> [Try it]
Starting at the line that contains "PROFIBUS连接器, 90° M12带有诊断LED" and stopping at the line that contains "2. Edificio 1. Fronte nord", transcribe every line of the material below exactly; pictures stay out.

> [Materials provided]
-- Opening Marker --
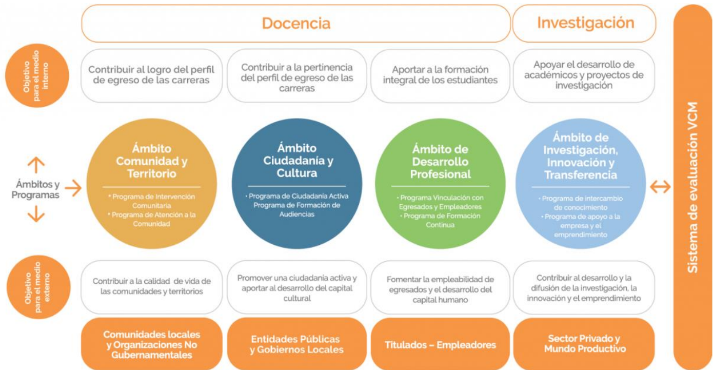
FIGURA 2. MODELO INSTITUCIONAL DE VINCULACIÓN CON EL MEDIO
-- Closing Marker --
-- Opening Marker --
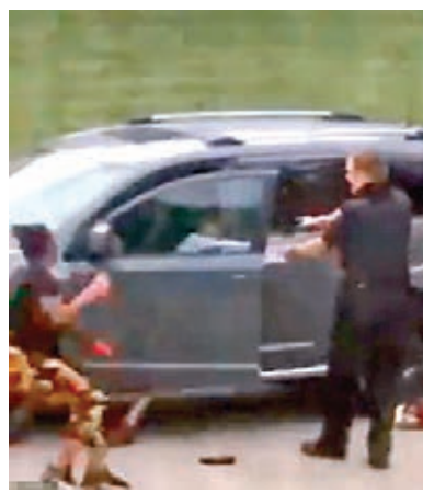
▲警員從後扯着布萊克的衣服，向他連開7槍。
-- Closing Marker --
-- Opening Marker --
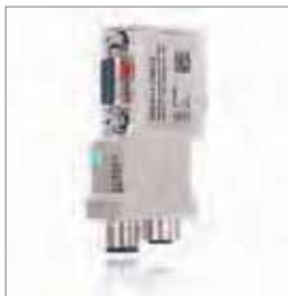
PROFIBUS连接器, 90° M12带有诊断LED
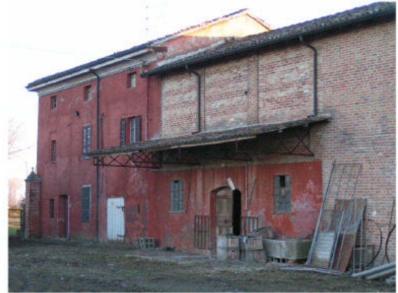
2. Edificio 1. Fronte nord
-- Closing Marker --
> [Answer for the task]
PROFIBUS连接器, 90° M12带有诊断LED
2. Edificio 1. Fronte nord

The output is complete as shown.